I am deploying osquery and fleet integration for a...
# fleet
k
I am deploying osquery and fleet integration for a new initiative at work. At the time of establishing communication between osquery and fleet, osquery host needs the 'enrollsecret' file to register itself with Fleet server. From the security perspective, what are the repercussions if the secret file falls in wrong hands? An immediate answer I could think of - someone else can also register an unintended host with Fleet but thats just it. What else can go wrong? We are trying to estimate the damage that can happen with the file being open in the repository at the moment.
j
It may increase the attack surface for a denial of service attack, but beyond that, I haven't thought of anything else.
k
The biggest concern I would have is that someone could use that host to get a picture of the queries you're running.

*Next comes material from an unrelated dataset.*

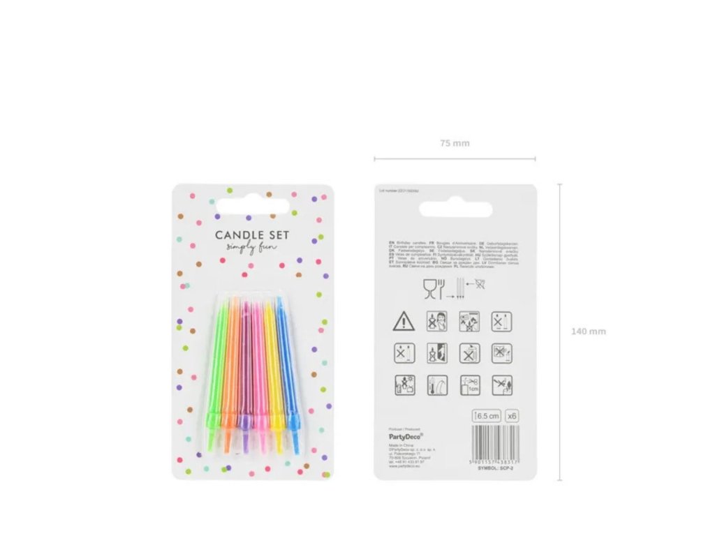 Balení obsahuje 6 svíček a 6 praktických stojánků pro snadné a stabilní zapíchnutí do dortu. Díky výšce cca 6,5 cm svíčky hezky vyniknou, ale nepřebijí celkový vzhled dortu.

That could give them a leg up in knowing what activity is likely to be caught.
k
Thanks @John Speno, @Kathy Satterlee for the valuable inputs!
k
Internally, we use GitHub secrets to handle enroll secrets in our GitOps workflow :)
k
@Kathy Satterlee: Interested in learning how did you achieve that! Not an expert in the Github space. Is it documented somewhere for my reading?
k
We've got an example 🙂 https://github.com/fleetdm/fleet-gitops
k
Hey @John Speno, @Kathy Satterlee - revisiting your replies today specifically for DDoS angle you mentioned. Do you think just the secret file is enough for DDoS? the hacker would also need the fleet certificate right to initiate the attack - these are my thoughts. What do you guys think?
j
If you mean a client side certificate, then yes.